• TASK STATEMENT: Transcribe every line from the one containing "我们可以看到随机抽样的电信节点回程也是59.43优化CN2线路。" to the end of the listing, exactly as written, and leave out the pictures.

• GIVEN ENTRIES:
Segment Open

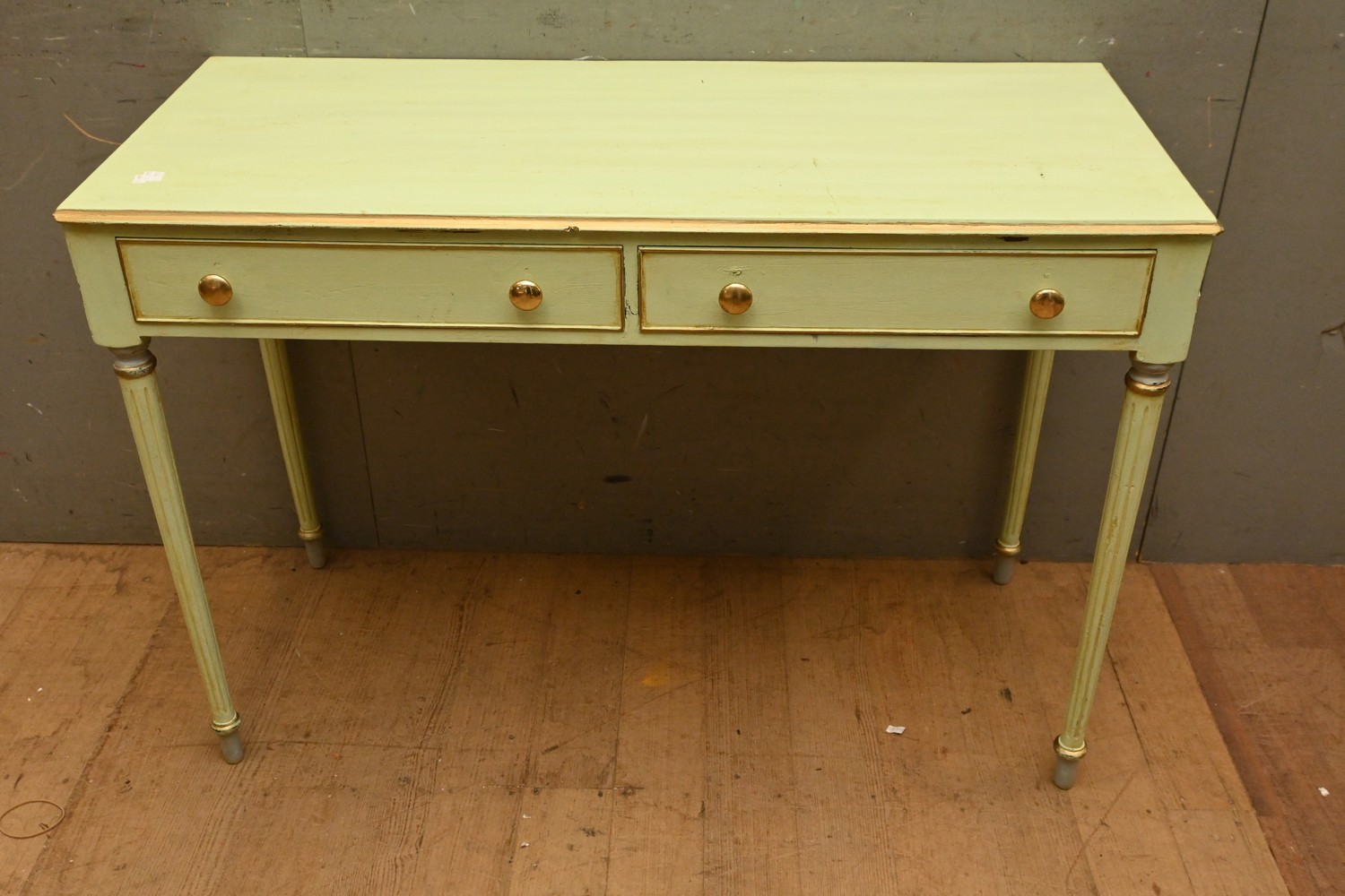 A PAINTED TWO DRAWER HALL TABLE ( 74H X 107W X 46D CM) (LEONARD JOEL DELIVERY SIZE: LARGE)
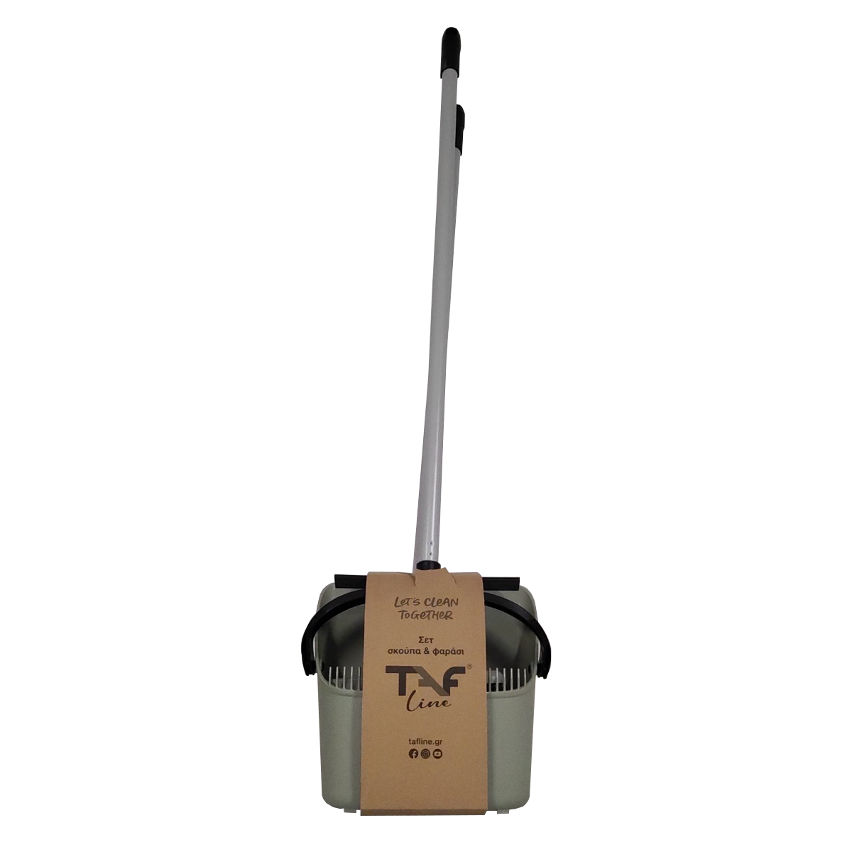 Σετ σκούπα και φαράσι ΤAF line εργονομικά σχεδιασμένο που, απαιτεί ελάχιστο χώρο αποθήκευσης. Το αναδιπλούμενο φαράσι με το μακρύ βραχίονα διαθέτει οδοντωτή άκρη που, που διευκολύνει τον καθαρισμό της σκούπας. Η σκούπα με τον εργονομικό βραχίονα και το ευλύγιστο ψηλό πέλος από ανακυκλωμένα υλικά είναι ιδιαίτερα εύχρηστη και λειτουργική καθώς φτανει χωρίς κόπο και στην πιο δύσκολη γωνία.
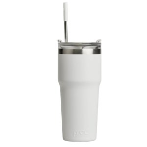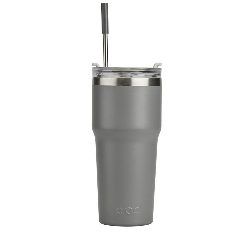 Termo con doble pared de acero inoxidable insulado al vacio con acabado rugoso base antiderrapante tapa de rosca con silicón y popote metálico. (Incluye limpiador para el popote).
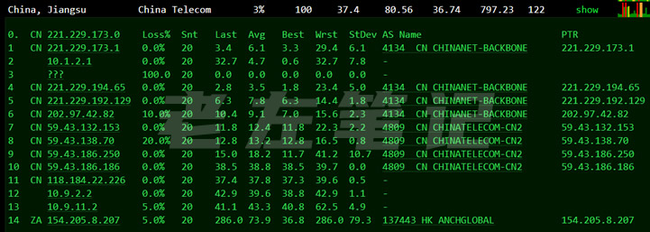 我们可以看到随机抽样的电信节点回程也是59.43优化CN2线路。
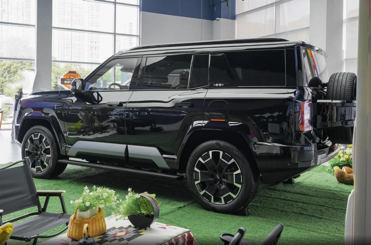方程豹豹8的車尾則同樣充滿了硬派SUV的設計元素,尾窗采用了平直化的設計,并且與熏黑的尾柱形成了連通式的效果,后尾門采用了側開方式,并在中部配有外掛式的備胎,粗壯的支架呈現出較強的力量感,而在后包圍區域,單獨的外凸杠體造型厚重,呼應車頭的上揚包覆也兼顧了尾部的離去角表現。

Segment Closed

• YOUR RESPONSE:
 我们可以看到随机抽样的电信节点回程也是59.43优化CN2线路。
方程豹豹8的車尾則同樣充滿了硬派SUV的設計元素,尾窗采用了平直化的設計,并且與熏黑的尾柱形成了連通式的效果,后尾門采用了側開方式,并在中部配有外掛式的備胎,粗壯的支架呈現出較強的力量感,而在后包圍區域,單獨的外凸杠體造型厚重,呼應車頭的上揚包覆也兼顧了尾部的離去角表現。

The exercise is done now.